Читать книгу Psychology and Social Sanity - Hugo Münsterberg - Страница 9
IV
ОглавлениеThe situation of the boys seems in many respects different. They are on the aggressive side. There is no danger that by their lack of knowledge they will be lured into a life of humiliation, but the danger of their ruin is more imminent and the risk which parents run with them is far worse. Any hour of reckless fun may bring them a life of cruel suffering. The havoc which venereal diseases bring to the men of all social classes is tremendous. The Report of the Surgeon-General of the Army for 1911 states that with the mean strength of about seventy-three thousand men in the army, the admissions to the hospitals on account of venereal diseases were over thirteen thousand. That is, of any hundred men at least eighteen were ill from sexual infection. The New York County Hospital Society reports two hundred and forty-three thousand cases of venereal disease treated in one year, as compared with forty-one thousand five hundred and eighty-five cases of all other communicable diseases. This horrible sapping of the physical energies of the nation, with the devastating results in the family, with the poisoning of the germs for the next generation, and with the disastrous diseases of brain and spinal cord, is surely the gravest material danger which exists. How small compared with that the thousands of deaths from crime and accidents and wrecks! how insignificant the harvest of human life which any war may reap! And all this can ultimately be avoided, not only by abstinence, but by strict hygiene and rigorous social reorganization. At this moment we have only to ask how much of a change for the better can be expected from a mere sexual education of the boys.

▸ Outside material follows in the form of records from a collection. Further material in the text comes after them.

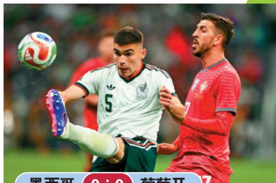
墨西哥 0:0 葡萄牙

美國繼續一週歐洲球隊「實力現形」，在阿特蘭大主場迎戰比利時，雖由韋斯頓麥堅尼先拔頭籌，但客軍憑阿士東維拉中場阿馬度奧拿拿、阿特蘭大攻中基迪拿尼等建功而反先5:1，最終美國追成2:5完場。美國對上兩次面對歐洲球隊，分別大敗於瑞士0:4及以1:2不敵土耳其，而今屆分組賽美國亦有機會重遇土耳其。
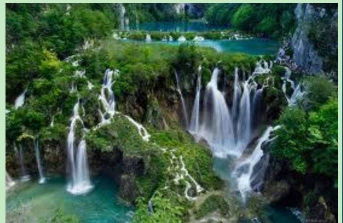
Parque nacional de Plitvice
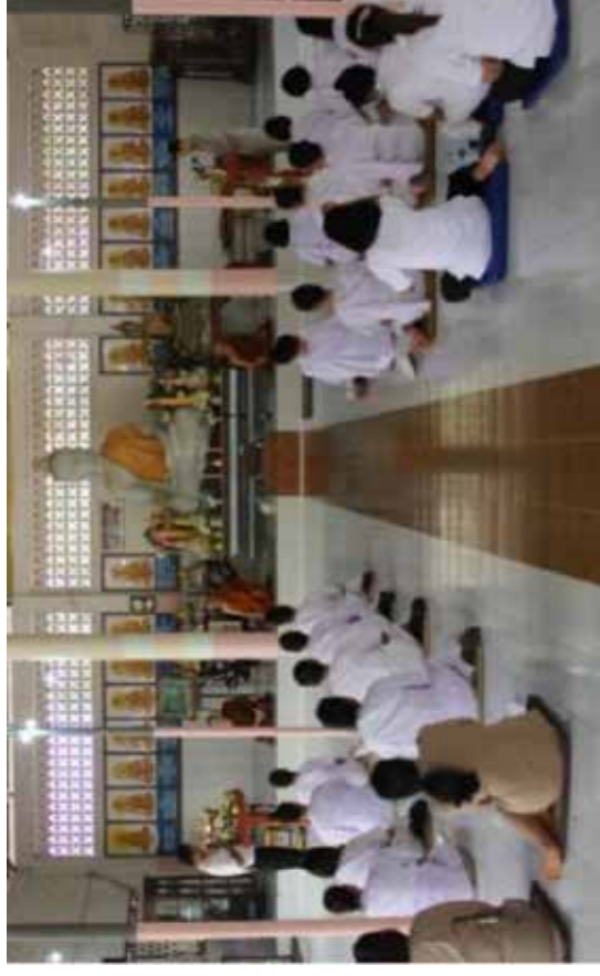
ภาพการเจริญสติภาวนา
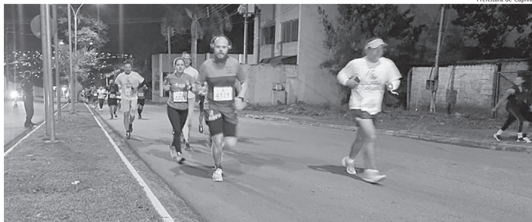
Largada e chegada será na rua Vinicius de Moraes em frente ao parque ecológico

A largada e chegada da Luau Run será na rua Vinicius de Moraes, no bairro Morada do Sol, em frente a entrada do Parque Ecológico; em seguida o trajeto levará os competidores até rua Érico Veríssimo e depois à avenida Pio XII, em que os participantes irão até a esquina com a rua Pedro Stucchi, antes de fazer o caminho inverso, rumo a linha de chegada.
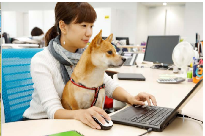
ペットと同伴出勤のできるオフィス

今後も、マース ジャパンとロイヤルカナン ジャポンは、両社のビジネスの違いを尊重しながらも、「ウェルビーイング」、「ワンチーム」、「ペットフレンドリー」のコンセプトを取り入れた東京本社オフィスで、共通の企業文化を育ててまいります。

From a psychological point of view, this situation appears much more difficult than that of the girls. All psychological motives speak for a policy of silence in the girls' cases. For the boys, on the other hand, the importance of some hygienic instruction cannot be denied. A knowledge of the disastrous consequences of sexual diseases must have a certain influence for good, and the grave difficulty lies only in the fact that nevertheless all the arguments which speak against the sexual education of the girls hold for the boys, too. The harm to the youthful imagination, the starting of erotic thoughts with sensual excitement in consequence of any kind of sexual instruction must be still greater for the young man than for the young woman, as he is more easily able to satisfy his desires. We must thus undoubtedly expect most evil consequences from the instruction of the boys; and yet we cannot deny the possible advantages. Their hygienic consciousness may be enriched and their moral consciousness tainted by the same hour of well-meant instruction. With the girls an energetic no is the only sane answer; with the boys the social reformer may well hesitate between the no and the yes. The balance between fear and hope may be very even there. Yet, however depressing such a decision may be, the psychologist must acknowledge that even here the loss by frank discussion is greater than the gain.

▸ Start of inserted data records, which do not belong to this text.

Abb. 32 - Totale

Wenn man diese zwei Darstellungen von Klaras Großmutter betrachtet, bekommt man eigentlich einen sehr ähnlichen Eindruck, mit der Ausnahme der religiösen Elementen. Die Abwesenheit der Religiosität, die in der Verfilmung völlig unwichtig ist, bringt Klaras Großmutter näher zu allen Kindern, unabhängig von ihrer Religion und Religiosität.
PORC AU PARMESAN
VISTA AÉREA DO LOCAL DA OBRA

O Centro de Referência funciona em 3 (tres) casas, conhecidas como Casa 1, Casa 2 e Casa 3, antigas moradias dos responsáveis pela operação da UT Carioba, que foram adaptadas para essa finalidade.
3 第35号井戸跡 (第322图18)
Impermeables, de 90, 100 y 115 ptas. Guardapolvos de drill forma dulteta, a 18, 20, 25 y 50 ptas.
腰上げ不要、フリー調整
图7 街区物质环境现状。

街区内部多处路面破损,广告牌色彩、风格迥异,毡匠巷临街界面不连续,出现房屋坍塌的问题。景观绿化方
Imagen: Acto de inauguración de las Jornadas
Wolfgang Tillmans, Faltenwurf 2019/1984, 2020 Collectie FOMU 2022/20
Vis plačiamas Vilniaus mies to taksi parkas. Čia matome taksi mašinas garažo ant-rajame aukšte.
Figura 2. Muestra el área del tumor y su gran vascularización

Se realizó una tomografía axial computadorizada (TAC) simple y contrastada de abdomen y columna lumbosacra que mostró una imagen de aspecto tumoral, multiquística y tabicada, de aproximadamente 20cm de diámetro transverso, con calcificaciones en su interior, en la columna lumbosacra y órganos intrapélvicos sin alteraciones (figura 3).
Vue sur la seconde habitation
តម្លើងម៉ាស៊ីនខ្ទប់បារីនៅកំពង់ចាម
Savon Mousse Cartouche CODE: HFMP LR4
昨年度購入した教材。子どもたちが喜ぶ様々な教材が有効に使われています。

A serious warning lies in the well-known fact that of all professional students, the young medical men have the worst reputation for their reckless indulgence in an erotic life. They know most, and it is psychologically not surprising that just on that account they are most reckless. The instinctive fear of the half knower has left them; they live in an illusory safety, the danger has become familiar to them, and they deceive themselves with the idea that the particular case is harmless. If the steps to be taken were to be worked out at the writing desk in cool mood and sober deliberation, the knowledge would at least often be a certain help, but when the passionate desire has taken hold of the mind and the organic tension of the irritated body works on the mind, there is no longer a fair fight with those sober reasons. The action of the glands controls the psychophysical reactions, so that the ideas which would lead to opposite response are inhibited. Alcohol and the imitative mood of social gayety may help to dull those hygienic fears, but on the whole the mere sexual longing is sufficient to break down the reminiscence of medical warning. The situation for the boy is then ultimately this: A full knowledge of the chances of disease will start in hours of sexual coolness on the one side a certain resolution to abstain from sexual intercourse, and on the other side a certain intention to use protective means for the prevention of venereal diseases. As soon as the sexual desire awakes, the decision of the first kind will become the less effective, and will be the more easily overrun the more firmly the idea is fixed that such preventive means are at his disposal. At the same time the discussion of all these sexual matters, even with their gruesome background, will force on the mind a stronger engagement with sexual thought than had ever before occurred, and this will find its discharge in an increased sexual tension. On the other hand, this new knowledge of means of safety will greatly increase the playing with danger. Of course it may be said that the education ought not to refer only to sexual hygiene, but that it ought to be a moral education. That, however, is an entirely different story. We shall speak about it; we shall put our faith in it, but at present we are talking of that specific sexual education which is the fad of the day.